Below is a listing; retype exactly the lines between the one containing "特にTikTok Shopは" and the one containing "Badger, Meles meles, single", inclusive, minus the pictures.

▶ [Input data]:
────────

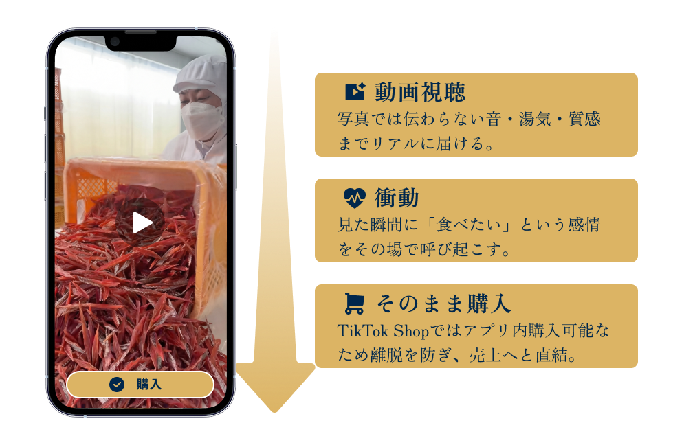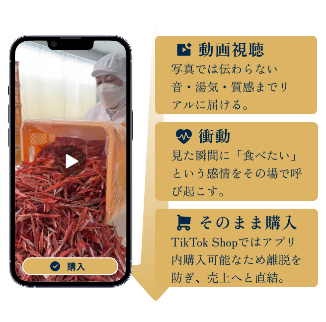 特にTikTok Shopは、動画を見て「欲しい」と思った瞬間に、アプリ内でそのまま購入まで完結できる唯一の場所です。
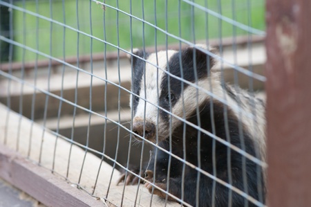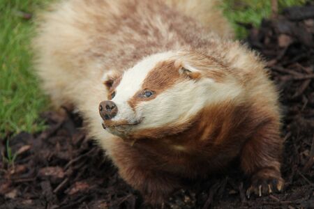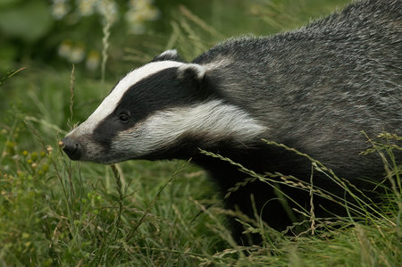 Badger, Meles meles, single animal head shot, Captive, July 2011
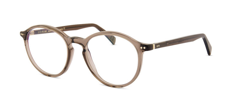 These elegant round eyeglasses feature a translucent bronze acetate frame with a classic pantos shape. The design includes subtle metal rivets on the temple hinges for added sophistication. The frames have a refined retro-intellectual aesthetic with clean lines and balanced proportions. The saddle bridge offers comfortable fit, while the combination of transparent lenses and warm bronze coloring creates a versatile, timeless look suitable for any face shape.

────────

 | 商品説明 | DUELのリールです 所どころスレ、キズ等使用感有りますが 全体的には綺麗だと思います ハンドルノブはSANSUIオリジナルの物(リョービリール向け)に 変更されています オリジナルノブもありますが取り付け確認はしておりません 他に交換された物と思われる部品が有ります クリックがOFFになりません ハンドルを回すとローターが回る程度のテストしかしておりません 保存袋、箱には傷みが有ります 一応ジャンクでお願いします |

────────

▶ [Task output]:
 特にTikTok Shopは、動画を見て「欲しい」と思った瞬間に、アプリ内でそのまま購入まで完結できる唯一の場所です。
 Badger, Meles meles, single animal head shot, Captive, July 2011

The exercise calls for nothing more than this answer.